Retrieval and Generation: Answering Questions

At runtime, your app performs two dynamic actions:

Retrieve – Use the user’s query to find the most relevant document chunks from your indexed data.
Generate – Feed the retrieved context and original question into an LLM to produce a concise, informed answer.

This separation allows your model to stay grounded in facts while leveraging its reasoning capabilities.

👉 Discover how AI-powered tools are transforming data processing today.
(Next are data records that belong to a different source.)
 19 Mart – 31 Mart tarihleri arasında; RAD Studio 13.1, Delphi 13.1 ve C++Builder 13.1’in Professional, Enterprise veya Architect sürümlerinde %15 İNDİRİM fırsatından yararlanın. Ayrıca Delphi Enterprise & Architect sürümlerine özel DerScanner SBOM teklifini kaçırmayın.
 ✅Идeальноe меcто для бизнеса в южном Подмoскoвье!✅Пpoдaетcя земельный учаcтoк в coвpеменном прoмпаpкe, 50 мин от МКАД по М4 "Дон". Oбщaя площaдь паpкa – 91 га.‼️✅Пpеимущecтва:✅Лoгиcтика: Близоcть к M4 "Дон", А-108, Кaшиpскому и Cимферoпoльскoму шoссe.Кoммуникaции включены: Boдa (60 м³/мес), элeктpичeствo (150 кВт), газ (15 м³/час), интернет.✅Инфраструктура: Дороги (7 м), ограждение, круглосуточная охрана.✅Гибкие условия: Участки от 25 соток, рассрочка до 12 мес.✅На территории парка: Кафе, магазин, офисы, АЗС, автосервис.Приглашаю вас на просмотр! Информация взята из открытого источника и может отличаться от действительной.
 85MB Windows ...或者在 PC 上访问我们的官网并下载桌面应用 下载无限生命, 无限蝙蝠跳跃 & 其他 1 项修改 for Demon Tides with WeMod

Setting Up the Environment

Before diving into code, ensure you have the necessary dependencies installed:

%pip install --quiet --upgrade langchain-text-splitters langchain-community langgraph langchain-openai

We’ll also use LangSmith for tracing and debugging as our application grows in complexity. To enable logging:

import os
os.environ["LANGSMITH_TRACING"] = "true"
os.environ["LANGSMITH_API_KEY"] = "your-api-key-here"

LangSmith provides invaluable insights into each step of your RAG pipeline, helping optimize performance and accuracy.
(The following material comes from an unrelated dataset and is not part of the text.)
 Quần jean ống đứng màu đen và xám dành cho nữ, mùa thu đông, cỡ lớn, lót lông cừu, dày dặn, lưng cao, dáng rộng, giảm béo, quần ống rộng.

Step-by-Step Implementation

1. Load and Prepare the Source Content

We’ll use a blog post on LLM-Powered Autonomous Agents by Lilian Weng as our data source. To extract only relevant sections (title, headers, content), we apply HTML parsing with BeautifulSoup via WebBaseLoader:

from langchain_community.document_loaders import WebBaseLoader
import bs4

loader = WebBaseLoader(
    web_paths=("https://lilianweng.github.io/posts/2023-06-23-agent/",),
    bs_kwargs=dict(parse_only=bs4.SoupStrainer(class_=("post-content", "post-title", "post-header")))
)
docs = loader.load()

This yields a single Document object containing ~42,000 characters of clean text.
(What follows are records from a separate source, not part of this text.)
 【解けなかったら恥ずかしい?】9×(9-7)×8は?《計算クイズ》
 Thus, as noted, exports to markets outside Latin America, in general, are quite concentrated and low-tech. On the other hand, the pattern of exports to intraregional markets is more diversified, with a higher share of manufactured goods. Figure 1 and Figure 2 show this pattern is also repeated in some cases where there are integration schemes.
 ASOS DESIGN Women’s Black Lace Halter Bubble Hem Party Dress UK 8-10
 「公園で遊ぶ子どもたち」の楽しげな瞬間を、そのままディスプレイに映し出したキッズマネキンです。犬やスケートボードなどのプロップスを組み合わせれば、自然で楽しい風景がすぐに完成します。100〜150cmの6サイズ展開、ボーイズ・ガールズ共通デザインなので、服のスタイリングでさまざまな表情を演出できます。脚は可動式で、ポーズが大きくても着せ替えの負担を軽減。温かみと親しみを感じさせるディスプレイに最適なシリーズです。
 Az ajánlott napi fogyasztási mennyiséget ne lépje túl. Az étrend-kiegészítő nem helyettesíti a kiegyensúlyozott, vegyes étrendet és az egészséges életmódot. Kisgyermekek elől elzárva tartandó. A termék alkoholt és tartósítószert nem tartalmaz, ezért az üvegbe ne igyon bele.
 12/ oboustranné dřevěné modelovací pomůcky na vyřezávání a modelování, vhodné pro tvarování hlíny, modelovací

2. Split Documents into Chunks

Large texts exceed most LLMs’ context windows and are harder to search effectively. We split the document using RecursiveCharacterTextSplitter:

from langchain_text_splitters import RecursiveCharacterTextSplitter

text_splitter = RecursiveCharacterTextSplitter(
    chunk_size=1000,
    chunk_overlap=200,
    add_start_index=True
)
all_splits = text_splitter.split_documents(docs)

The result? 66 manageable chunks — ideal for both embedding and efficient retrieval.

3. Store Embeddings in a Vector Database

Next, we convert each chunk into a numerical representation (embedding) using OpenAI’s text-embedding-3-large model and store them in an in-memory vector store:

from langchain_openai import OpenAIEmbeddings
from langchain_core.vectorstores import InMemoryVectorStore

embeddings = OpenAIEmbeddings(model="text-embedding-3-large")
vector_store = InMemoryVectorStore(embeddings)
vector_store.add_documents(documents=all_splits)

Now, any query can be matched against these embeddings using semantic similarity search.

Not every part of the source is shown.